Security, Reliability, and Scalability as Standard
As a result of our efforts, we now have a simple way to set up a reliable, production-ready Kubernetes cluster on AWS.
The Cloud Formation template may be used as is or further customized to meet specific project needs (such as adding additional AWS resources, such as RDS, or changing the region or availability zones (AZ) in which the cluster is run). We can also easily customize which add-ons will run on the cluster.
From a security perspective, the new cluster is secure by default, thanks to the following features:
- The Kubernetes cluster etcd is configured with transport layer security (TLS) for clients and cluster nodes access.
- The cluster API server is configured with TLS for client access.
- Default Kubernetes access control is configured with a single administrator user account and different service accounts for each Kubernetes service.

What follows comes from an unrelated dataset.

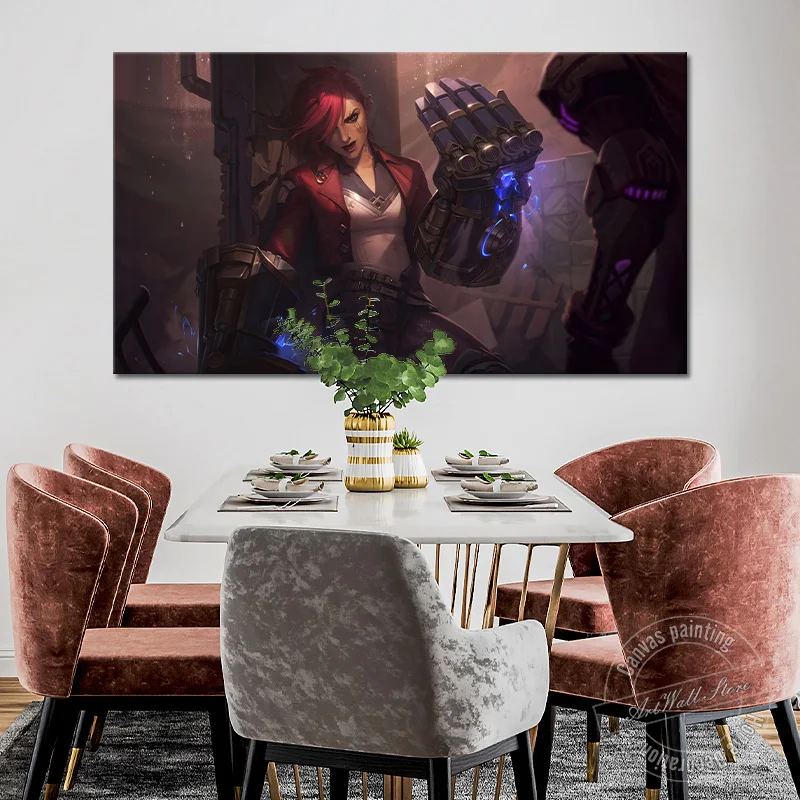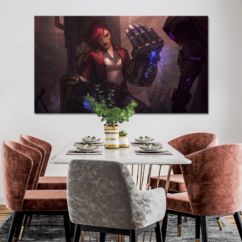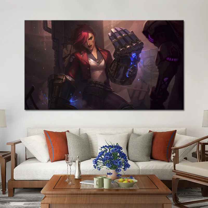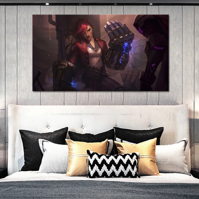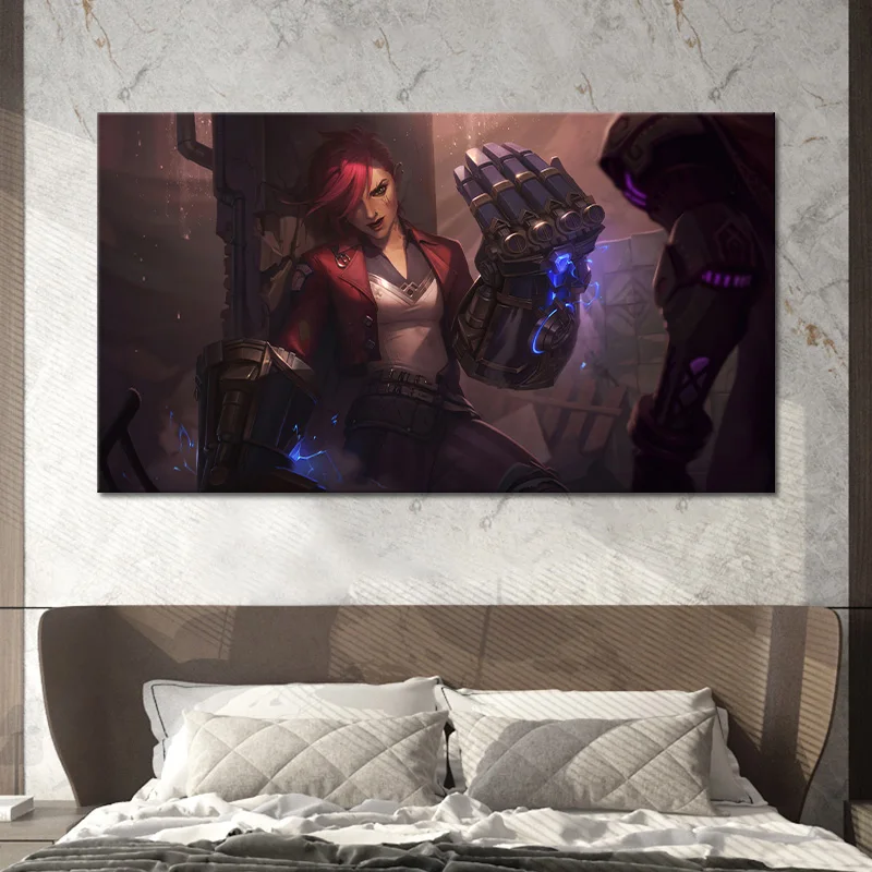 Постер для видеоигр Arcane Jinx Vi League of Legends, Картина на хо...

- All account tokens and passwords are randomly generated.
- All TLS keys, certificates, and Kubernetes secret tokens and passwords are generated on the first start of the master server and distributed via a unique S3 bucket.

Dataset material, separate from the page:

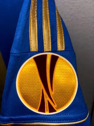 Camiseta de fútbol retro del Chelsea con el dorsal 17 de Hazard. Talla L - Diseño clásico en azul y dorado. - Detalle RIGHT TO PLAY en la parte inferior.

- Key, certificates, and token files used to configure Kubernetes components on master and node instances are placed to tmpfs mounted directories, so secret information is never saved on disks (except for the S3 bucket).
- The secret files placed to the S3 bucket are configured with ACL only enabling access to the cluster master and node instance roles (and the AWS account administrator).
The new cluster is also reliable:
- In case of a node failure, a new node will be started by the node’s Auto Scaling Group, and the new node will automatically join the cluster to recover available compute capacity.
- In case of a master failure, a new master instance will be started by the master Auto Scaling Group. The new master instance will automatically re-attach the master EIP, the master EBS, and therefore restore the cluster functionality and configuration as it was before.
- Further reliability improvement may be achieved via configuring regular EBS backups via snapshots. This process may itself be run as a pod or an add-on within the Kubernetes cluster.
- The nodes Auto Scaling Group is configured by default to span multiple availability zones.
The cluster is also scalable:
- The lowest scale possible is a single master node, which may run user load due to the fact that the master kubelet is configured to register with the master API server.
- Scaling is possible via adding more nodes in the nodes Auto Scaling Group.
Next Steps and Future Work
Having achieved the minimal set of features required to run a Kubernetes cluster in production, there is still space for improvement.
Currently, the cluster is vulnerable to a failure of the availability zone where the master node is running. The master Auto Scaling Group is intentionally limited to a single availability zone due to AWS EBS limitations (EBS cannot be used in an AZ different from the one in which it was initially created). There are two ways of overcoming this issue:
- By regular snapshotting the master EBS and automatic recovery from the latest snapshot in a different AZ. This is suitable for extra-small deployments where only self-healing is required and some downtime is acceptable.
- By setting up multi-master Kubernetes configuration. A default configuration for large scale deployments (most of the deployments, in fact).
We are planning to implement both.
Even with the improvements described above, the cluster will still be vulnerable to whole region failures. Because of this, we are planning to introduce cluster federation as an option, and entertain different automated disaster recovery strategies for inter-region and hybrid deployments.
Security may also be improved with EBS encryption, embedding tools such as HashiCorp Vault, and potentially changing secrets distribution strategy.